Chioma Okeoma, PhD (Associate Professor)

Adjunct Associate Professor
Mechanisms of virus-host and tumor-host interactions

Mechanisms of virus-host and tumor-host interactions

The interactions between the host and the viruses that infect the host or with diseases such as cancer extend well beyond the point of entry (for viruses) or local tissue microenvironment (for tumors). Yet we have only incomplete understanding of these interaction networks, which ultimately impedes our ability to prevent or mitigate diseases. My Lab focuses on understanding the role of host factors in protecting the host against pathogenic onslaughts or their involvement in the evolution of disease.

The long-term goal of my Lab is to elucidate the mechanism(s) by which host factors expressed in host cells or packaged into extracellular vesicles, such as exosomes regulate viral infections or facilitate disease manifestation, as in HIV and cancer. We utilize multifaceted approaches in our enquiries.

Ongoing research projects:

a. Exosomes in virus-host interactions: We discovered that exosomes in human semen contain factors that inhibit HIV. Consequently, identifying factors that confer this inhibitory effect, evaluating the effect of these exosomes on immune response against HIV, and understanding the factors that regulate exosome evolution have become important goals. We have conducted proteomic analyses of exosomal and non-exosomal soluble factors from seminal plasma and have identified proteins specific or common to both fractions. Projects in the lab aim to:

i.    Validate multiple candidate proteins and to characterize their functions. Our goal is to identify exosome-based HIV inhibitors and/or biomarkers.

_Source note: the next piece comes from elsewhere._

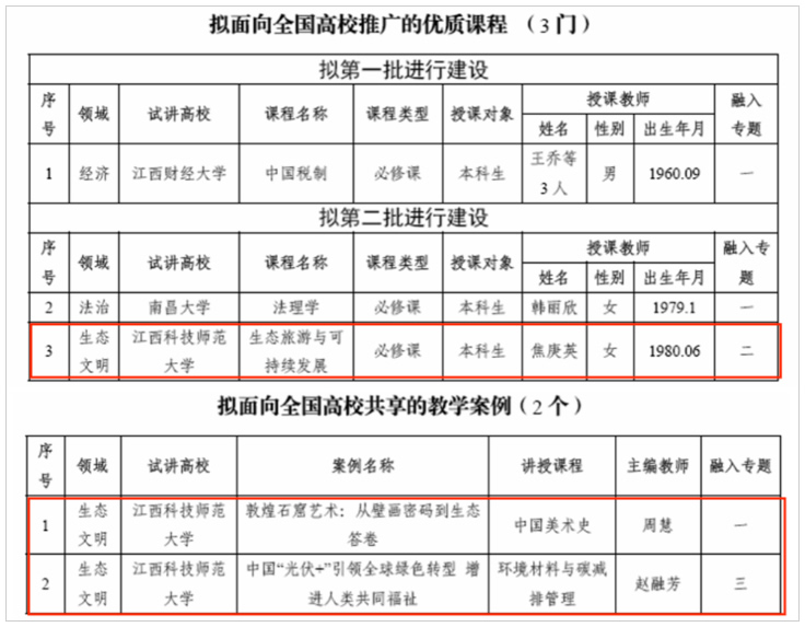 近日,教育部社会科学司印发《关于推进分领域思想专题教学讲义配套教学资源建设的函》(教社科司函〔2026〕1号),公布拟面向全国高校推广共享的优质课程和教学案例名单。在此次分领域思想专题教学讲义配套教学资源建设中,江西科技师范大学喜获佳绩:“生态旅游与可持续发展”课程入选“拟面向全国高校推广的优质课程”(第二批建设);“敦煌石窟艺术:从壁画密码到生态答卷”和“中国‘光伏+’引领全球绿色转型 增进人类共同福祉”两个教学案例入选“拟面向全国高校共享的教学案例”。据悉,此次全省高校共有3门课程入选优质课程,江西科技师范大学占1门;全省共有2个教学案例入选,均为江西科技师范大学报送,展现了江西科技师范大学在推动习近平生态文明思想有机融入专业课程教学方面取得的扎实成效与示范引领性。

ii.    Investigate the effect of exosomes on host immune response against HIV using both ectocervical explants and humanized mouse models.

iii.    Investigate the influence of illicit drugs and other infective agents on the physiochemical properties and functions of biofluid exosomes and evaluate how illicit substances and infective agents affect exosome speciation.

b. Delineating the role of innate immunity in breast cancer development and progression:

BST-2 is an innate immunity protein with paradoxical roles. We have extensively shown that expression of BST-2 prevents the release of viral particles from host cells, resulting in inhibition of viral infection. Given the antiviral functions of BST-2, it was not to be expected that BST-2 has protumor functions. However, recent studies from our Lab show that elevated levels of BST-2 positively correlates with breast cancer aggressiveness. We have identified the domains of BST-2 that control different cancer cell behavior and are using RNA-Seq to identify genes differentially expressed in BST-2-expressing and BST-2-suppressed cancer cells. Current projects in the Lab focus on:

i.    The mechanisms by which BST-2 promotes cancer cell motility and survival.

ii.    Characterizing differentially expressed genes identified by RNA-seq analysis and probing their role in BST-2 mediated cancer development and progression.